2 years ago my wife met another man outside our marriage, I found notes of them talking how they wanted to spend the rest of their live's together. I delt with that. About 8 months ago my friend cleaned up my pc for me and found pics of him laying in my bed. I confronted her about it and she gave me the same story that he is just a friend. I have delt with that. By the way i work offshore and work a 2 week on 2 week off schedule. This last time i come home from work a teacher at my oldest girls school (my daughter is 8) wanted to talk to me. Come to find out my wife had told some of the teachers there that we were divorced and that this other man was going to be my daughters new daddy because i was never at home, to make it worst he had been coming to the school in the afternoon's and picking her up without my wife. I asked the school principal about this and he said my wife had put him on my girls car rider list. And that he was at the school regulary. I confront my wife about all this and she told me that they were lying, so i showed her a copy of that car rider list and she did'nt know how his name got on there.
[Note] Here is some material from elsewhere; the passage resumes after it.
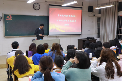 片刻休息之后,佘向军书记围绕“中国共产党的光辉历程与当代大学生的历史使命”这一主题开始了第一次的党课培训。

I don't want my marriage to end, i just my loving wife back. Any help or suggestions out there? I am only home two weeks at a time and i hate fighting about this man everytime i come home, is there a cure to this without divorce? Any help or comments are appreciated,,,


----------



## stillINshock (Apr 9, 2009)

Quit your job. Be closer to her. Don't be absent. No work is worth throwing away a relationship. There must be something else you can do? Or at least present her with this. If she doesn't want you there - you won't be there at all soon. My H traveled a lot and fell into his harmful pattern of betrayal. We have a new rule - we travel together. Its just the way it has to be, and we're both happy about it because we want to be together. Trust me, if you offer to make yourself more available and she pushes you away, you have your answer.


----------



## Princesa (Oct 25, 2009)

I agree with STILLINSHOCK, do whatever you need to be with your wife, don't accuse, just show her unconditional love. Remind her of the man she fell in love with


----------